Start of Block

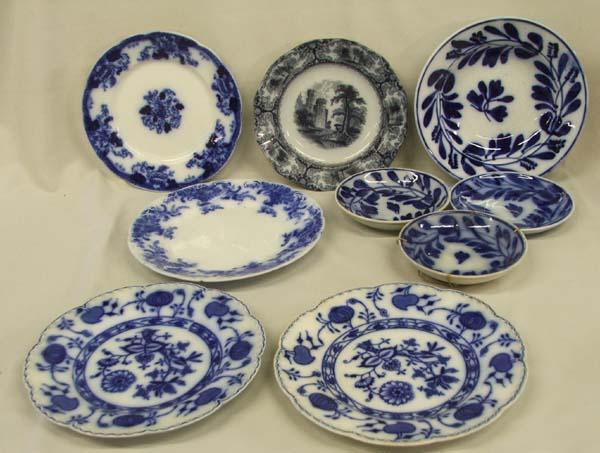 9 Antique Flow Blue Plates. Largest plate measures approx. 8 3/4'' circumference. Buyers Pay Actual Shipping and Handling Charges(see terms and conditions for more information).
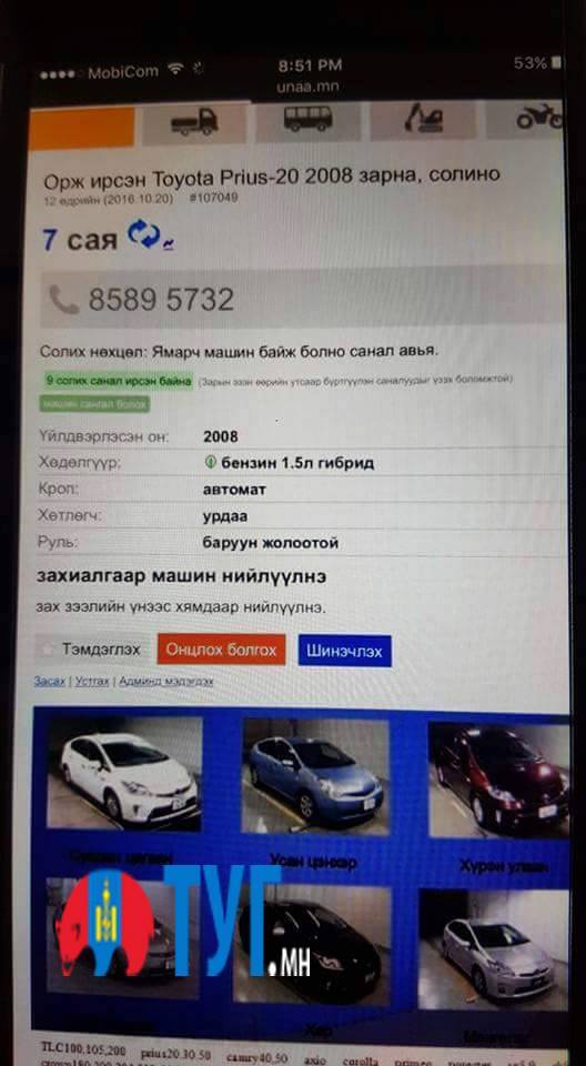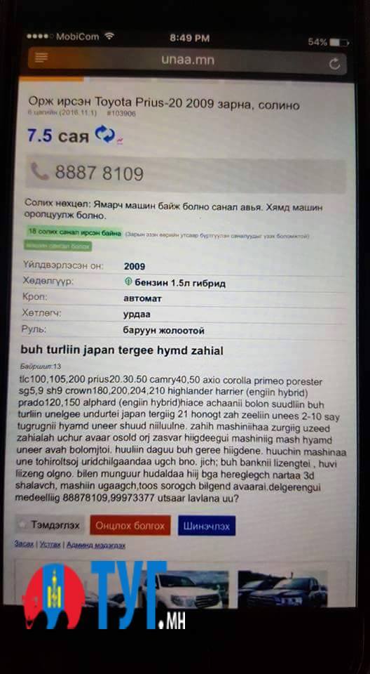 Хохирогч А.Гэрэл-Од: Unaa.mn сайтаас тус компаний зарыг хараад найман сая төгрөгийн приус 20 маркийн машин захиалахаар ах дүү, хамаатнуудаасаа дөрвөн сая 500 мянган төгрөг цуглуулж урьдчилгаагаа бэлнээр нь өгсөн. Тухайн үед надтай тус компаний нягтлан Ч.Уянга гэх эмэгтэй уулзаж 11-р сарын 28-н гэхэд таны машин гааль дээр буусан байх болно гэж хэлээд салсан. Дунд нь би хоёр удаа утсаар ярихад таны захиалсан машин ачигдсан наашаа явж байгаа гэж хэлээд 11-р сарын 20-ноос хойш утас нь холбогдох боломжгүй болчихсон.Ингээд би 13-р хорооллын дунд зам дагуу байдаг оффис дээр нь очиход хаалга нь хаалттай хажуу оффисийн залуу гарч ирэн наад компани чинь хаагдсан, луйврын хэргээр цагдаад шалгагдаж байгаа, намайг БЗД-ийн цагдаагийн хоёрдугаар хэлтэс дээр очихийг зөвлөж, намайг очиход 50 гаруй хүн хохирсон гомдлоо бичээд үлдээ гэж тус цагдаагийн хэлтсийн мөрдөн байцаагч Анхбаяр гэх хүн хэлээд өнгөрсөн. Одоо хүртэл тэр хүнээс ямар ч сураг байхгүй, шалгаж байна гэхээс өөр ямар ч хариулт өгөхгүй байна.
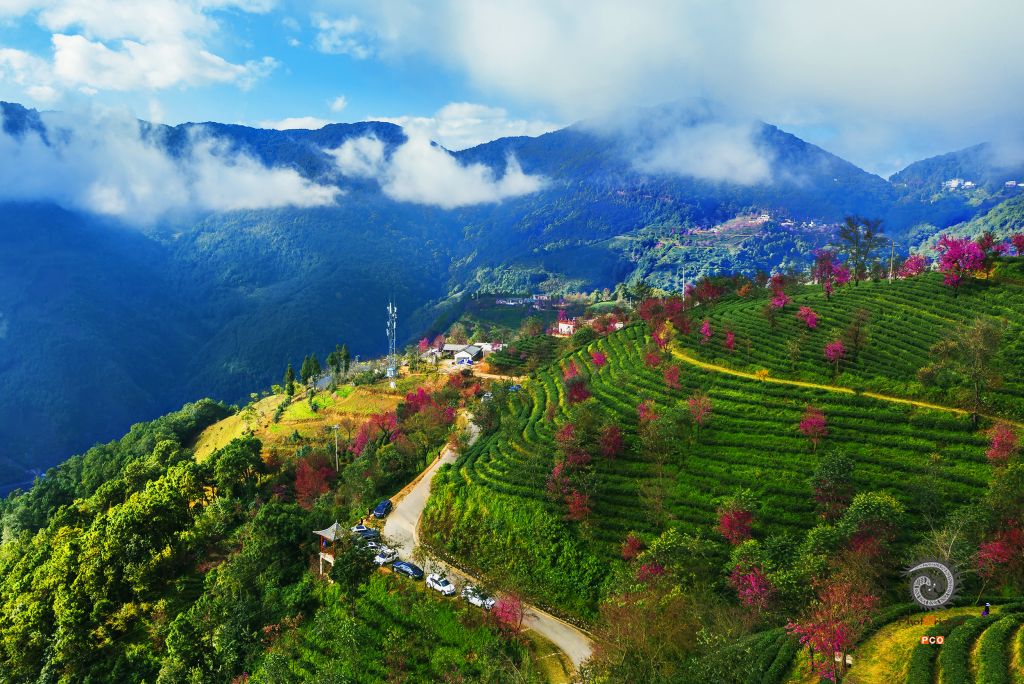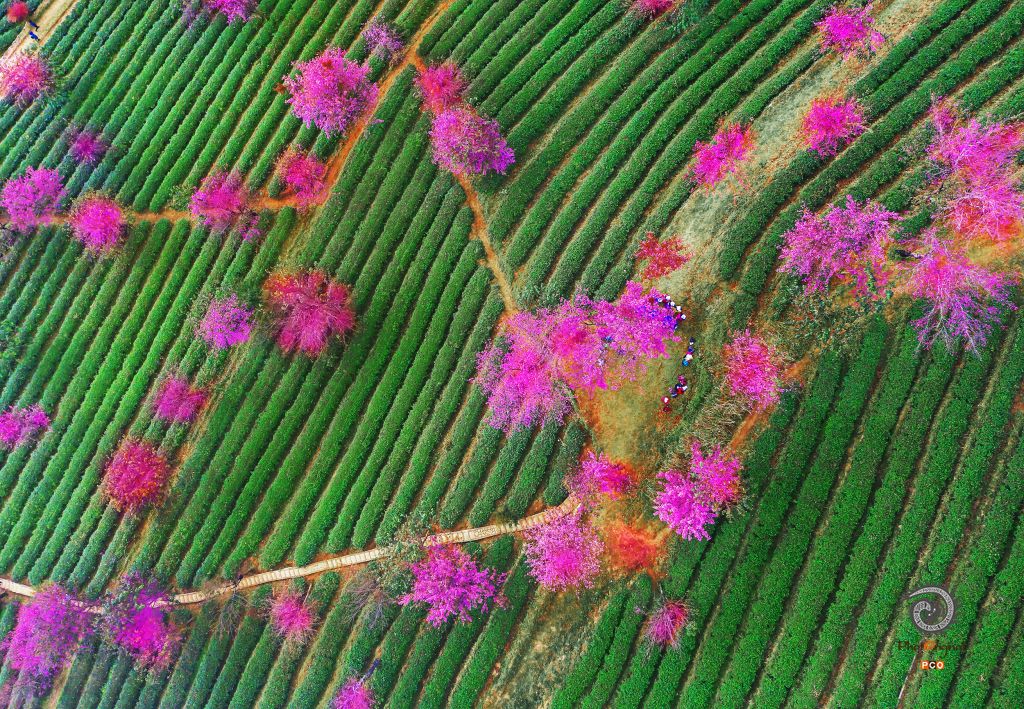 拍摄于无量山樱花谷茶园,2021年11月樱花盛开季节,一群美女在茶林樱花树下翩翩起舞。无人机空中俯拍。
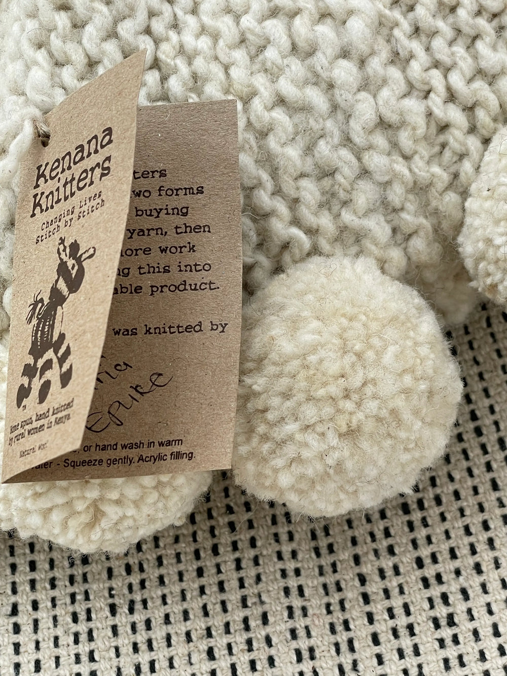 Coussin rond à pompons écru BONBONSI en pure laine mérinos, 30 cm de diamètre. Tricoté main par Kenana Knitters pour Studio Matongé. Disponible en 2 tailles (30 cm et 50cm de diamètre) et 3 couleurs (blanc écru, beige et marron foncé). Insert fourni
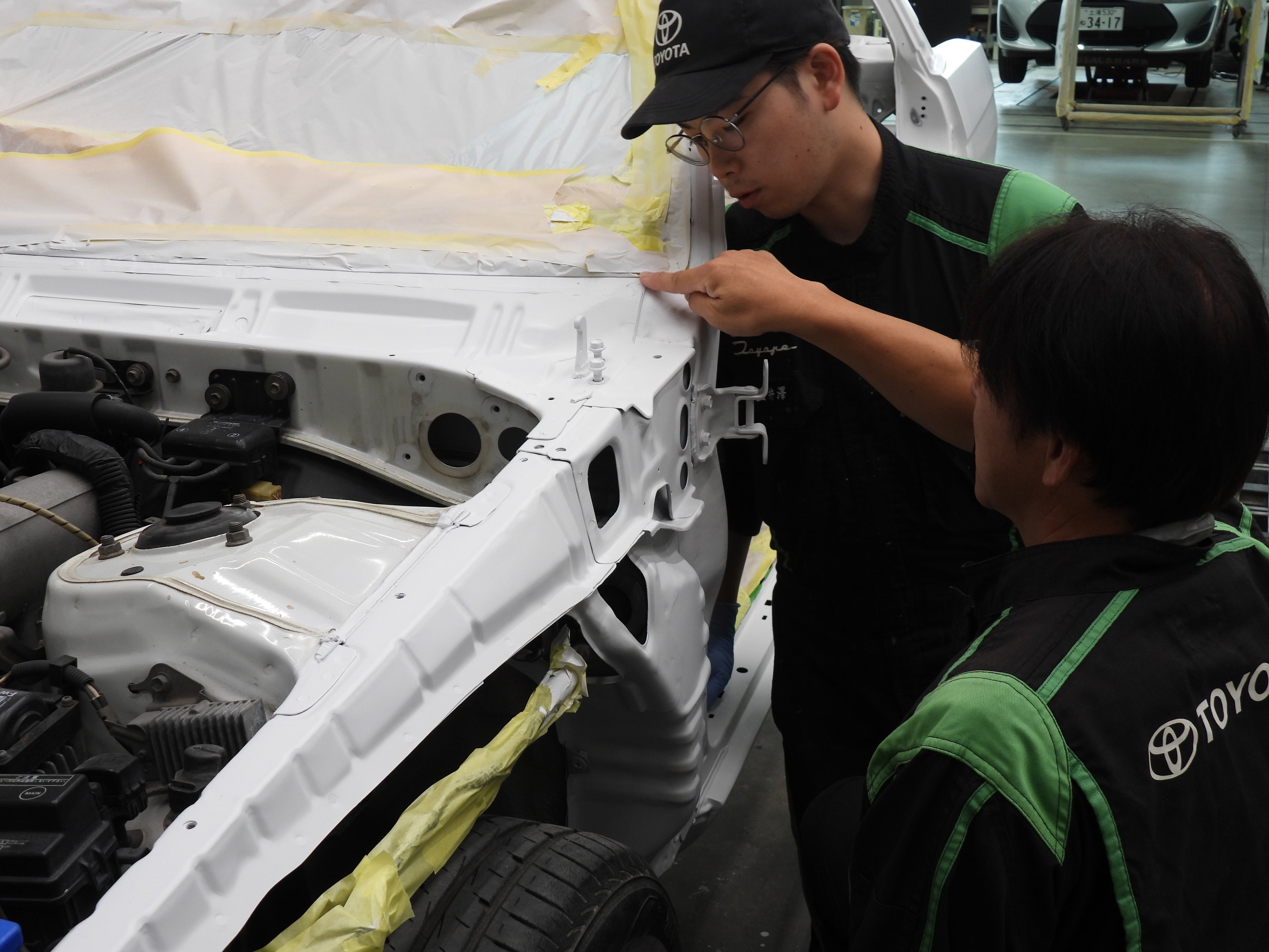 茨城トヨペットは、レストアを通じて「技術の向上」「技術の伝承」を掲げ、次世代への教育に取り組んでいます。近年、ボディカラーの多様化などによりソリッドカラーを広範囲に大きく塗る機会が少なくなっている中、同社では若手エンジニアがベテランの指導を受けながらマークⅡ(GX71)の全塗装を実践しました。
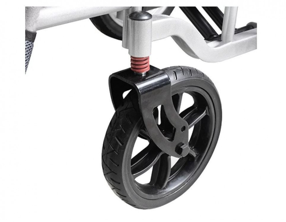 -عجلات الكرسي مزودة بماصات للصدمات توفر الراحة للمستخدم على الطريق الوعرة

End of Block

*ABOUT THIS TASK*.
Send back the data above word for word, with the pictures left out.

*SOLUTION BELOW*.
 9 Antique Flow Blue Plates. Largest plate measures approx. 8 3/4'' circumference. Buyers Pay Actual Shipping and Handling Charges(see terms and conditions for more information).
 Хохирогч А.Гэрэл-Од: Unaa.mn сайтаас тус компаний зарыг хараад найман сая төгрөгийн приус 20 маркийн машин захиалахаар ах дүү, хамаатнуудаасаа дөрвөн сая 500 мянган төгрөг цуглуулж урьдчилгаагаа бэлнээр нь өгсөн. Тухайн үед надтай тус компаний нягтлан Ч.Уянга гэх эмэгтэй уулзаж 11-р сарын 28-н гэхэд таны машин гааль дээр буусан байх болно гэж хэлээд салсан. Дунд нь би хоёр удаа утсаар ярихад таны захиалсан машин ачигдсан наашаа явж байгаа гэж хэлээд 11-р сарын 20-ноос хойш утас нь холбогдох боломжгүй болчихсон.Ингээд би 13-р хорооллын дунд зам дагуу байдаг оффис дээр нь очиход хаалга нь хаалттай хажуу оффисийн залуу гарч ирэн наад компани чинь хаагдсан, луйврын хэргээр цагдаад шалгагдаж байгаа, намайг БЗД-ийн цагдаагийн хоёрдугаар хэлтэс дээр очихийг зөвлөж, намайг очиход 50 гаруй хүн хохирсон гомдлоо бичээд үлдээ гэж тус цагдаагийн хэлтсийн мөрдөн байцаагч Анхбаяр гэх хүн хэлээд өнгөрсөн. Одоо хүртэл тэр хүнээс ямар ч сураг байхгүй, шалгаж байна гэхээс өөр ямар ч хариулт өгөхгүй байна.
 拍摄于无量山樱花谷茶园,2021年11月樱花盛开季节,一群美女在茶林樱花树下翩翩起舞。无人机空中俯拍。
 Coussin rond à pompons écru BONBONSI en pure laine mérinos, 30 cm de diamètre. Tricoté main par Kenana Knitters pour Studio Matongé. Disponible en 2 tailles (30 cm et 50cm de diamètre) et 3 couleurs (blanc écru, beige et marron foncé). Insert fourni
 茨城トヨペットは、レストアを通じて「技術の向上」「技術の伝承」を掲げ、次世代への教育に取り組んでいます。近年、ボディカラーの多様化などによりソリッドカラーを広範囲に大きく塗る機会が少なくなっている中、同社では若手エンジニアがベテランの指導を受けながらマークⅡ(GX71)の全塗装を実践しました。
 -عجلات الكرسي مزودة بماصات للصدمات توفر الراحة للمستخدم على الطريق الوعرة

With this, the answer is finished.